Crystal structure, conductivity and reversible water uptake of new layered potassium antimonates KxL(1+x)/3Sb(2−x)/3O2 (L=Ni2+, Mg2+, Co2+)

Novel mixed potassium antimonates K0.59Mg0.53Sb0.47O2, K0.5Ni0.5Sb0.5O2, K0.5Co0.5Sb0.5O2 (rhombohedral P3-type structure), K0.56Ni0.52Sb0.48O2 and K0.86Co0.62Sb0.38O2 (hexagonal P2 type) have layered structures based on brucite-like (L,Sb)O6/3 sheets of edge-shared octahedra and interlayer K+ cations in trigonal prismatic coordination. The preference to form P2 and P3 structures rather than closely related O3 type is dictated by the large radius of K+ and the value of unit cell parameter a, restricted by average size of the cations randomly distributed in the octahedral sites within (L,Sb)O6/3 layer. The new phases reversibly absorb atmospheric moisture leading to the formation of hydrates with ca. 11% larger interlayer distances.
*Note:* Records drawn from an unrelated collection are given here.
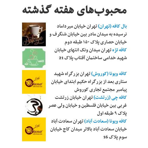 کافه های محبوب هفته سوم آذرماه ۱۳۹۳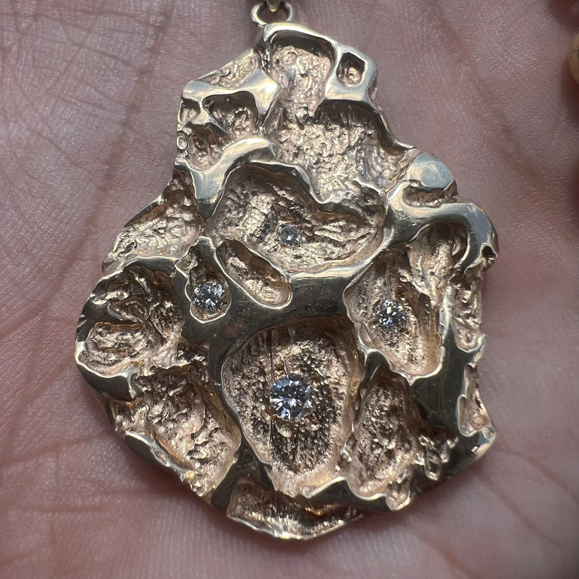 Custom 14k Natural VVS Diamond Encrusted Heavyweight Nugget Pendant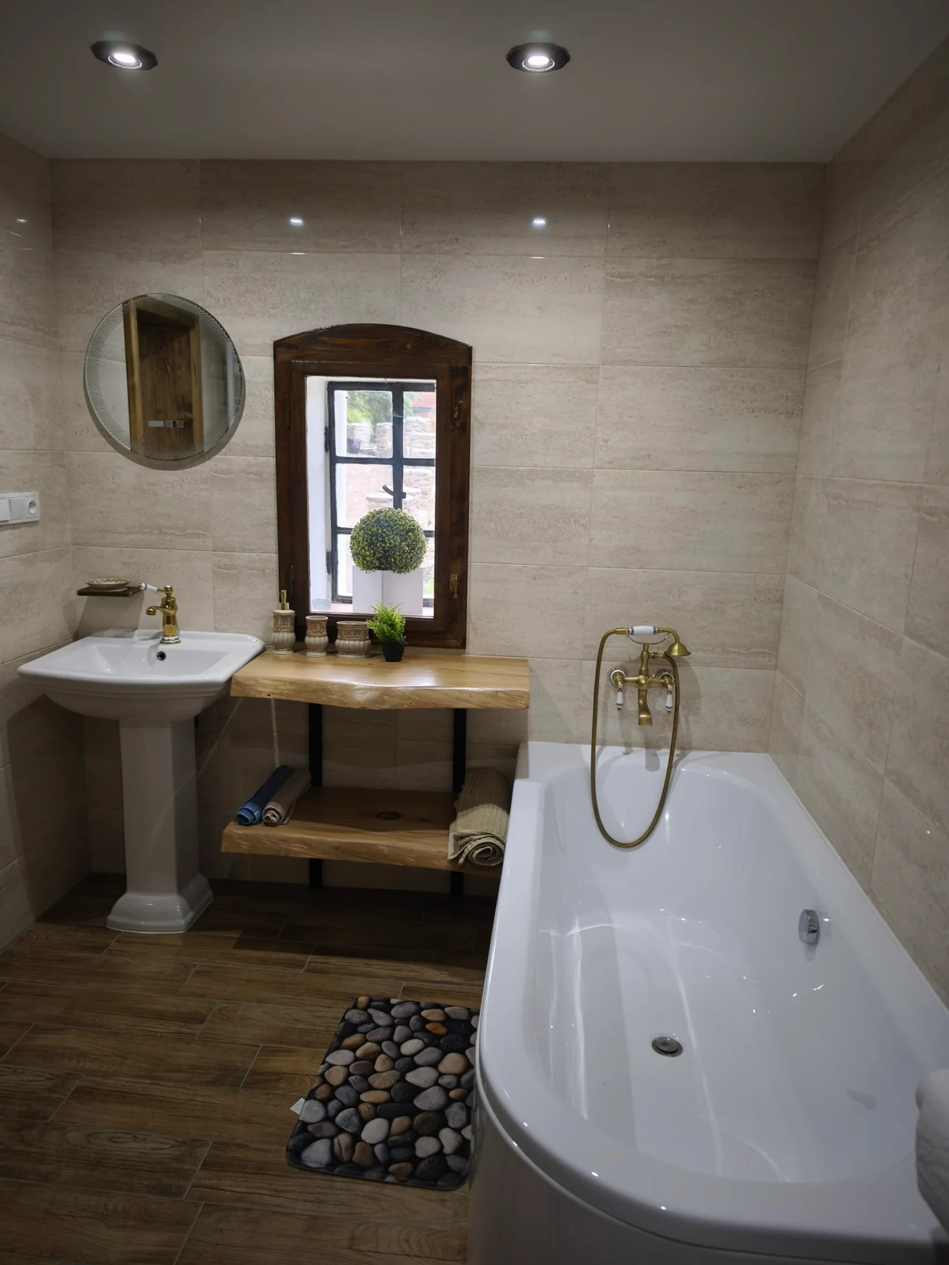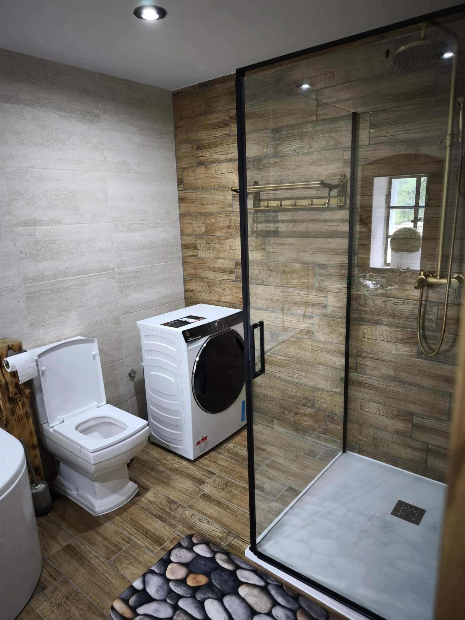 sprchový kout s dešťovou sprchou, vana, umyvadlo, velké zrcadlo, úložné prostory, ručníky, fén, mýdlo, sprchový gel, šampon, pračka

The impedance spectroscopy of P2-type K0.56Ni0.52Sb0.48O2 and P3-type K0.59Mg0.53Sb0.47O2 ceramics shows relatively high ionic conductivity, presumably due to potassium cationic transport, with activation energies of 35±2 and 33±1 kJ/mol, respectively. At 573 K, the conductivity values are 0.016 S/cm for K0.56Ni0.52Sb0.48O2 and 0.021 S/cm for K0.59Mg0.53Sb0.47O2. Interaction with water vapor leads to increasing total conductivity.